TWO MODELS OF HEALTH INSURANCE
Part of the current debate over national health insurance is rooted in two conflicting visions of how the cost of health care should be shared. We can designate one as the casualty insurance model and the other as the social insurance model.
Casualty insurance, which usually refers to automobile collision, residential fire, and similar risks, is premised on the idea that premiums should (to the extent feasible) be set according to expected loss. Other things being equal, policyholders with better driving records or with smoke detectors in their homes pay lower premiums; poorer risks pay higher premiums.
Social insurance, which is the basis for national health insurance, provides for extensive cross-subsidization among different risk groups; it ignores expected loss in allocating costs.
Advocates of the casualty approach argue that, as applied to health insurance, it is more efficient and more equitable than the social insurance model. They assert that use of care depends, to some extent, on personal behavior and choice. If premiums vary with expected use, individuals have an incentive to choose healthier behavior and to make more cost-conscious decisions about their use of care for any given health condition. A clear example is charging cigarette smokers higher premiums than those charged to nonsmokers. This may decrease the number of smokers, and even if it does not, advocates of the casualty model argue, it is fair for smokers to bear the extra cost of their unhealthy habit.

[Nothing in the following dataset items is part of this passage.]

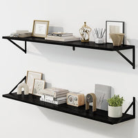 Fun Memories Deep Floating Shelves for Wall, 48W x 8D Wall Mounted Shelves Set of 2, Wide Display Ledge Shelf with Sturdy Metal Brackets for Living Room, Bathroom, Bedroom and Kitchen, Black
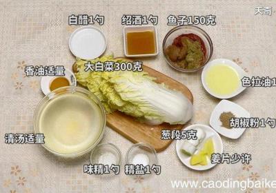 发布时间: 10小时前步骤1准备食材:大白菜300克、鱼子150克、葱段5克、姜片少许、精盐1勺、味精1勺、绍酒1勺、白醋1勺、胡椒粉1勺、香油适量、色拉油1勺、清汤适量 。步骤2将白菜洗净切段 。步骤3鱼子洗净放入沸水中焯透,捞出沥干备用 。步骤4锅中加油烧热...
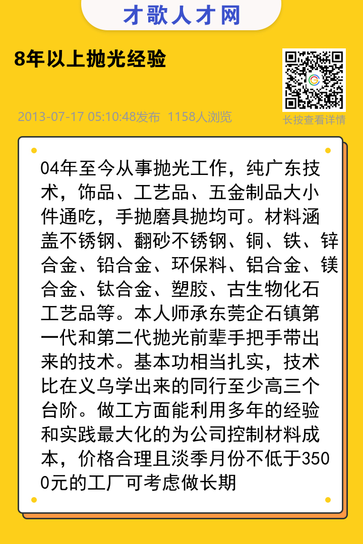 04年至今从事抛光工作,纯广东技术,饰品、工艺品、五金制品大小件通吃,手抛磨具抛均可。材料涵盖不锈钢、翻砂不锈钢、铜、铁、锌合金、铅合金、环保料、铝合金、镁合金、钛合金、塑胶、古生物化石工艺品等。本人师承东莞企石镇第一代和第二代抛光前辈手把手带出来的技术。基本功相当扎实,技术比在义乌学出来的同行至少高三个台阶。做工方面能利用多年的经验和实践最大化的为公司控制材料成本,价格合理且淡季月份不低于3500元的工厂可考虑做长期
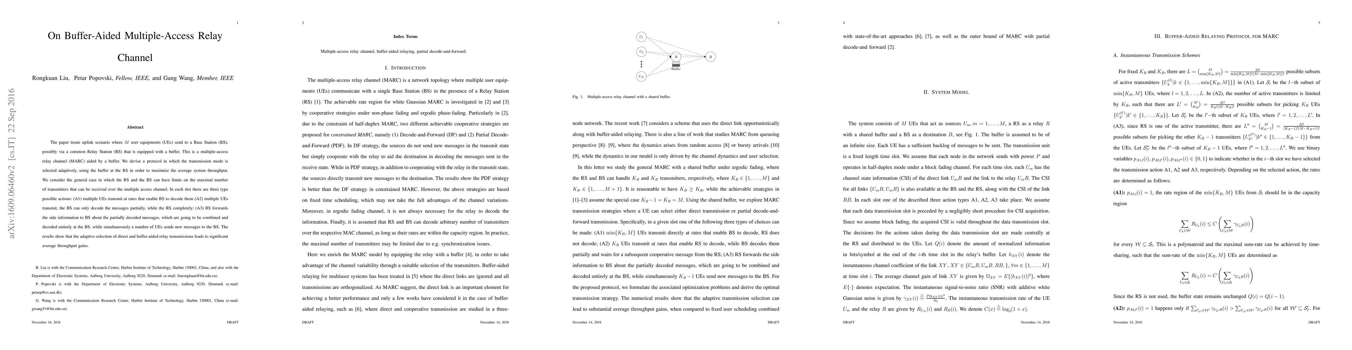 The paper proposes a protocol for a buffer-aided multiple-access relay channel to maximize the average system throughput by adaptively selecting transmission modes based on the relay station's buffer. The adaptive approach leads to significant throughput gains over direct transmissions.

Even when there is no possibility of altering behavior, and even if use of care is unrelated to insurance coverage, the casualty model still offers an efficiency advantage in any system of voluntary health insurance. The alternative - a uniform premium for all individuals, including those with major health problems -will discourage purchase of insurance by those without such problems because the premium would be unreasonably high.
Advocates of the social insurance model rely heavily on arguments that appeal to one’s sense of justice or collective responsibility. In earlier times, these feelings of mutual responsibility were often evident within families and within religious communities. In modern times, many countries have extended the concept to encompass the entire nation. The philosophical foundations for such arguments can be discerned in John Rawls’s discussion of making choices behind a veil of ignorance.
For example, suppose that before you were born you did not know if you were going to be rich or poor, sick or healthy; you might (assuming some risk aversion) prefer to be born into a society that would provide health care on the same basis for, say, persons born with a genetic disease as for those born without such a problem. Advocates of the social insurance model also point to efficiency arguments. Because everyone must participate, there can be savings in sales and administrative costs that offset other efficiencies achieved through the casualty approach.
Whether one model or the other is more conducive to an efficient health care system is primarily an empirical question (interwoven with value judgments) that cannot be answered a priori. Which approach is more just is primarily a value question (individual versus collective responsibility), but empirical information concerning the reasons for variation in use of care is relevant.
In my experience, the same audiences that overwhelmingly approve charging smokers a higher premium because they use more care strongly oppose a premium surcharge for individuals whose high use is attributable to genetic factors. If cigarette smoking should turn out to have a significant genetic component, opinions concerning the smoker surcharge would presumably change. One consequence of the genetics revolution may be to shift public sentiment toward the social insurance model.
according to the article «National Health insurance» by Victor R. Fuchs (the journal «THE SENIOR ECONOMIST»)
VICTOR R. FUCHS is the Henry J. Kaiser Jr. Professor at Stanford University. He holds joint appointments in the Economics Department and the School of Medicine’s Department of Health Research and Policy. He has been a Research Associate of the National Bureau of Economic Research since 1962.